-- TASK DIRECTIONS --
Nothing outside the range is to be copied. From the entries below, reproduce exactly the lines starting at the one with "VýbavaOsvetlenie, Integrovaná el." and ending at the one with "Il Presidente Giorgio", without pictures.

++++ RECORDS SUPPLIED ++++

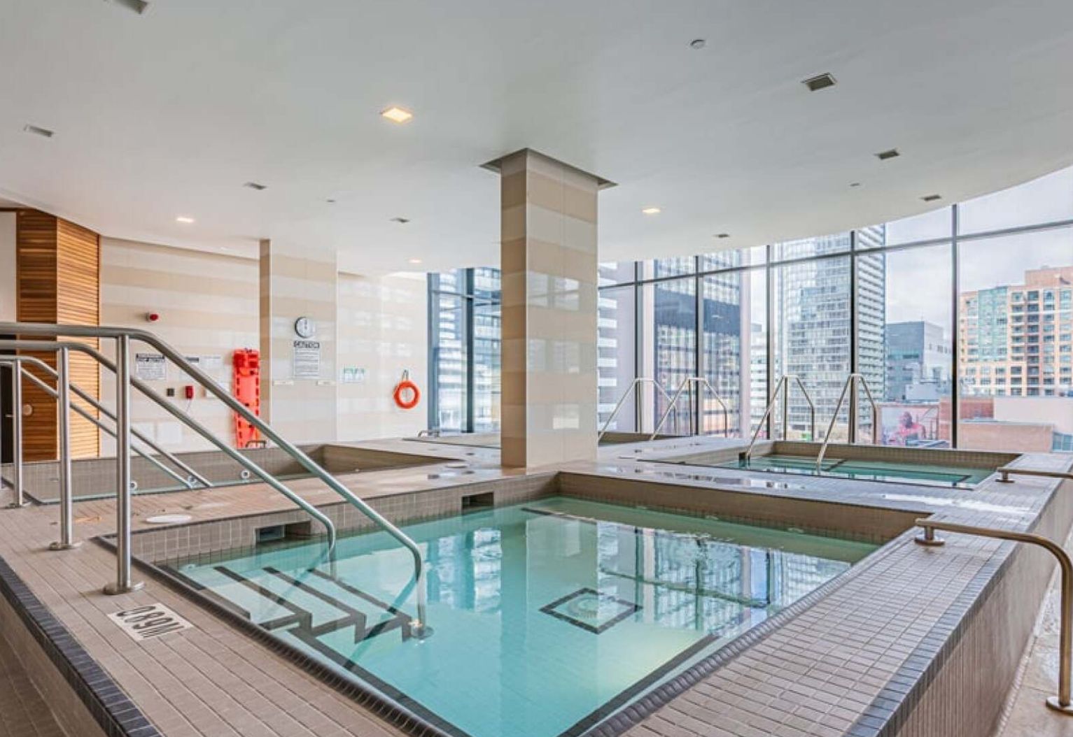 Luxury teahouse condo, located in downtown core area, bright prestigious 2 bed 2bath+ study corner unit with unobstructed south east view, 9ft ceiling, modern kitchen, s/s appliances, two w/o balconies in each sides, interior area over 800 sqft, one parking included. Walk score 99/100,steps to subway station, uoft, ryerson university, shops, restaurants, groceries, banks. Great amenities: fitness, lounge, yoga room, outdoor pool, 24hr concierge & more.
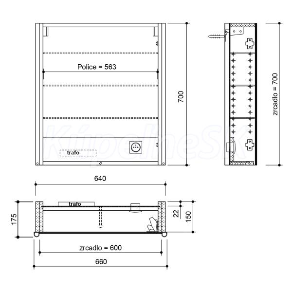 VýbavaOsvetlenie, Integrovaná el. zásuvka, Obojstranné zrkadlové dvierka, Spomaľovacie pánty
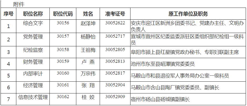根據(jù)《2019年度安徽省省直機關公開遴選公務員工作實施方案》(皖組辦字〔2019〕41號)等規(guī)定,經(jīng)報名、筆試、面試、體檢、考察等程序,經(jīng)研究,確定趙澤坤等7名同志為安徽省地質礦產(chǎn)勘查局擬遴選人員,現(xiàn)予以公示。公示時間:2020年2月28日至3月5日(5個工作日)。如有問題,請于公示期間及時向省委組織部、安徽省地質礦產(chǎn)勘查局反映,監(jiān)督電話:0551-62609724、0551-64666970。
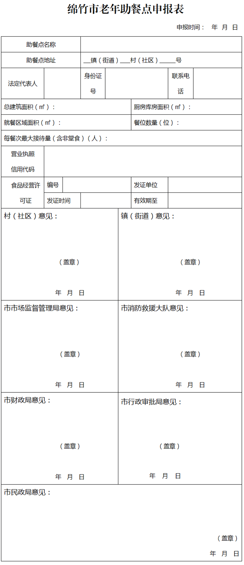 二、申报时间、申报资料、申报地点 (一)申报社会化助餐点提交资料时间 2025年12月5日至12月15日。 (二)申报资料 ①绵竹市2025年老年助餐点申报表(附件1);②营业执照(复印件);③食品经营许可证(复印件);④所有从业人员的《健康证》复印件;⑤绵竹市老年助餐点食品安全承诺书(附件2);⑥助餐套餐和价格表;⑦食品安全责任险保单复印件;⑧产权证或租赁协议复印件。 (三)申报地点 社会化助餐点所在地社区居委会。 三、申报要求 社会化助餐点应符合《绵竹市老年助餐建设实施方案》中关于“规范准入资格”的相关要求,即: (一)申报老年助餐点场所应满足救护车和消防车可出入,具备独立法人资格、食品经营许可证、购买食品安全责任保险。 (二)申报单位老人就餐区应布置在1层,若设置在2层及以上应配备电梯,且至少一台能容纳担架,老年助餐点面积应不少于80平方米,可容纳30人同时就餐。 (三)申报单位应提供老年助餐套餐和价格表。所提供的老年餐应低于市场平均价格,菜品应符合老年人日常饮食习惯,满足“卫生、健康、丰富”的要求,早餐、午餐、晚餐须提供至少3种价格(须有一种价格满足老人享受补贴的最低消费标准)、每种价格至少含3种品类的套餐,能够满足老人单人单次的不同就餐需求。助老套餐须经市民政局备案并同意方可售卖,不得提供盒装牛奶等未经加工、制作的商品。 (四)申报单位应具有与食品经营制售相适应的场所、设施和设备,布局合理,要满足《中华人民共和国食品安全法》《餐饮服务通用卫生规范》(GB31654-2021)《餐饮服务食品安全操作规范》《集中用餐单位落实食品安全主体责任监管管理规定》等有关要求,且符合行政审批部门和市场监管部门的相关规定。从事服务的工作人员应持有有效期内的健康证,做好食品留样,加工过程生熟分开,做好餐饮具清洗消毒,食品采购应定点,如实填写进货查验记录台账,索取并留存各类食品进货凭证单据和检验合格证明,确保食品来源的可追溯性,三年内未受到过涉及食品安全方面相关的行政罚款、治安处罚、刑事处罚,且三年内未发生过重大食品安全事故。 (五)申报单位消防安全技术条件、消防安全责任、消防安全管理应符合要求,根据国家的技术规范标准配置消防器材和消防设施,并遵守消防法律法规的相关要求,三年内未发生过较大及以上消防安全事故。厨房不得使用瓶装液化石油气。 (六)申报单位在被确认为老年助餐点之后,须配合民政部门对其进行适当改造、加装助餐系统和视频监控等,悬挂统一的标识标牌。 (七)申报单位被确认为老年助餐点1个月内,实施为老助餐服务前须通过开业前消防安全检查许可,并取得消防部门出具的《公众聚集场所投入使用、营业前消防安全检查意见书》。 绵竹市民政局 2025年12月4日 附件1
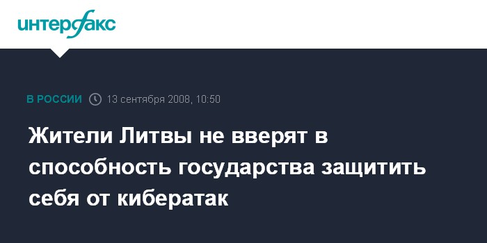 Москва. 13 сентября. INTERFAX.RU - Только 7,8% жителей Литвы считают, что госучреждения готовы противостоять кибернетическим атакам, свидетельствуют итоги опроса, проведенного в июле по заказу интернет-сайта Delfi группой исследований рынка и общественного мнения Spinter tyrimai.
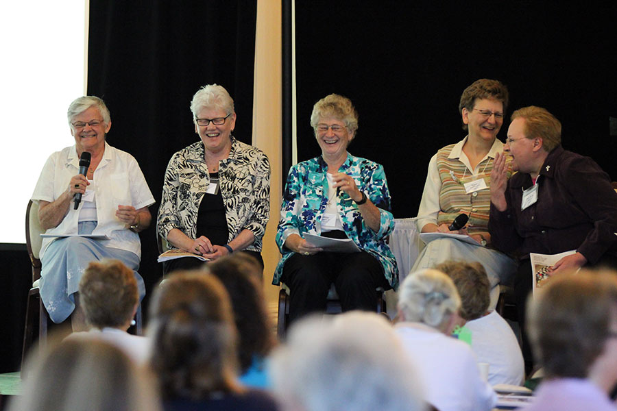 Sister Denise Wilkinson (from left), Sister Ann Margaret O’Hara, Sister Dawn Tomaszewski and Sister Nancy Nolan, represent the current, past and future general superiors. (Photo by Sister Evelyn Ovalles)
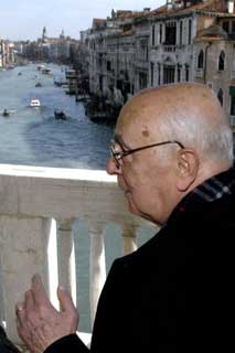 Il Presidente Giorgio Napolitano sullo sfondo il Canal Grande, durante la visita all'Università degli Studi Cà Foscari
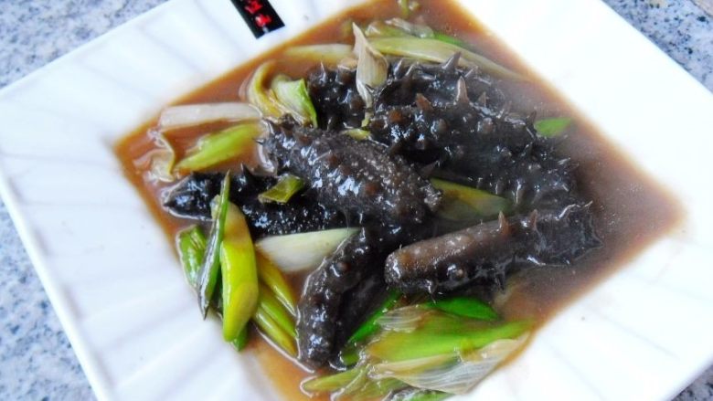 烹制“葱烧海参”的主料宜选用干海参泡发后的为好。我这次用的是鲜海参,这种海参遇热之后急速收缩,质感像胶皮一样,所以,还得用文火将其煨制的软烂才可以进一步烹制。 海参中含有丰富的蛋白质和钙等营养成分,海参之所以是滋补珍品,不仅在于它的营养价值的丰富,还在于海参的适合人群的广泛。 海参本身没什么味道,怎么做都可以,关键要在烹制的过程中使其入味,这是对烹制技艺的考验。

++++

-- ANSWER SPACE --
 VýbavaOsvetlenie, Integrovaná el. zásuvka, Obojstranné zrkadlové dvierka, Spomaľovacie pánty
根據(jù)《2019年度安徽省省直機關公開遴選公務員工作實施方案》(皖組辦字〔2019〕41號)等規(guī)定,經(jīng)報名、筆試、面試、體檢、考察等程序,經(jīng)研究,確定趙澤坤等7名同志為安徽省地質礦產(chǎn)勘查局擬遴選人員,現(xiàn)予以公示。公示時間:2020年2月28日至3月5日(5個工作日)。如有問題,請于公示期間及時向省委組織部、安徽省地質礦產(chǎn)勘查局反映,監(jiān)督電話:0551-62609724、0551-64666970。
 二、申报时间、申报资料、申报地点 (一)申报社会化助餐点提交资料时间 2025年12月5日至12月15日。 (二)申报资料 ①绵竹市2025年老年助餐点申报表(附件1);②营业执照(复印件);③食品经营许可证(复印件);④所有从业人员的《健康证》复印件;⑤绵竹市老年助餐点食品安全承诺书(附件2);⑥助餐套餐和价格表;⑦食品安全责任险保单复印件;⑧产权证或租赁协议复印件。 (三)申报地点 社会化助餐点所在地社区居委会。 三、申报要求 社会化助餐点应符合《绵竹市老年助餐建设实施方案》中关于“规范准入资格”的相关要求,即: (一)申报老年助餐点场所应满足救护车和消防车可出入,具备独立法人资格、食品经营许可证、购买食品安全责任保险。 (二)申报单位老人就餐区应布置在1层,若设置在2层及以上应配备电梯,且至少一台能容纳担架,老年助餐点面积应不少于80平方米,可容纳30人同时就餐。 (三)申报单位应提供老年助餐套餐和价格表。所提供的老年餐应低于市场平均价格,菜品应符合老年人日常饮食习惯,满足“卫生、健康、丰富”的要求,早餐、午餐、晚餐须提供至少3种价格(须有一种价格满足老人享受补贴的最低消费标准)、每种价格至少含3种品类的套餐,能够满足老人单人单次的不同就餐需求。助老套餐须经市民政局备案并同意方可售卖,不得提供盒装牛奶等未经加工、制作的商品。 (四)申报单位应具有与食品经营制售相适应的场所、设施和设备,布局合理,要满足《中华人民共和国食品安全法》《餐饮服务通用卫生规范》(GB31654-2021)《餐饮服务食品安全操作规范》《集中用餐单位落实食品安全主体责任监管管理规定》等有关要求,且符合行政审批部门和市场监管部门的相关规定。从事服务的工作人员应持有有效期内的健康证,做好食品留样,加工过程生熟分开,做好餐饮具清洗消毒,食品采购应定点,如实填写进货查验记录台账,索取并留存各类食品进货凭证单据和检验合格证明,确保食品来源的可追溯性,三年内未受到过涉及食品安全方面相关的行政罚款、治安处罚、刑事处罚,且三年内未发生过重大食品安全事故。 (五)申报单位消防安全技术条件、消防安全责任、消防安全管理应符合要求,根据国家的技术规范标准配置消防器材和消防设施,并遵守消防法律法规的相关要求,三年内未发生过较大及以上消防安全事故。厨房不得使用瓶装液化石油气。 (六)申报单位在被确认为老年助餐点之后,须配合民政部门对其进行适当改造、加装助餐系统和视频监控等,悬挂统一的标识标牌。 (七)申报单位被确认为老年助餐点1个月内,实施为老助餐服务前须通过开业前消防安全检查许可,并取得消防部门出具的《公众聚集场所投入使用、营业前消防安全检查意见书》。 绵竹市民政局 2025年12月4日 附件1
 Москва. 13 сентября. INTERFAX.RU - Только 7,8% жителей Литвы считают, что госучреждения готовы противостоять кибернетическим атакам, свидетельствуют итоги опроса, проведенного в июле по заказу интернет-сайта Delfi группой исследований рынка и общественного мнения Spinter tyrimai.
 Sister Denise Wilkinson (from left), Sister Ann Margaret O’Hara, Sister Dawn Tomaszewski and Sister Nancy Nolan, represent the current, past and future general superiors. (Photo by Sister Evelyn Ovalles)
 Il Presidente Giorgio Napolitano sullo sfondo il Canal Grande, durante la visita all'Università degli Studi Cà Foscari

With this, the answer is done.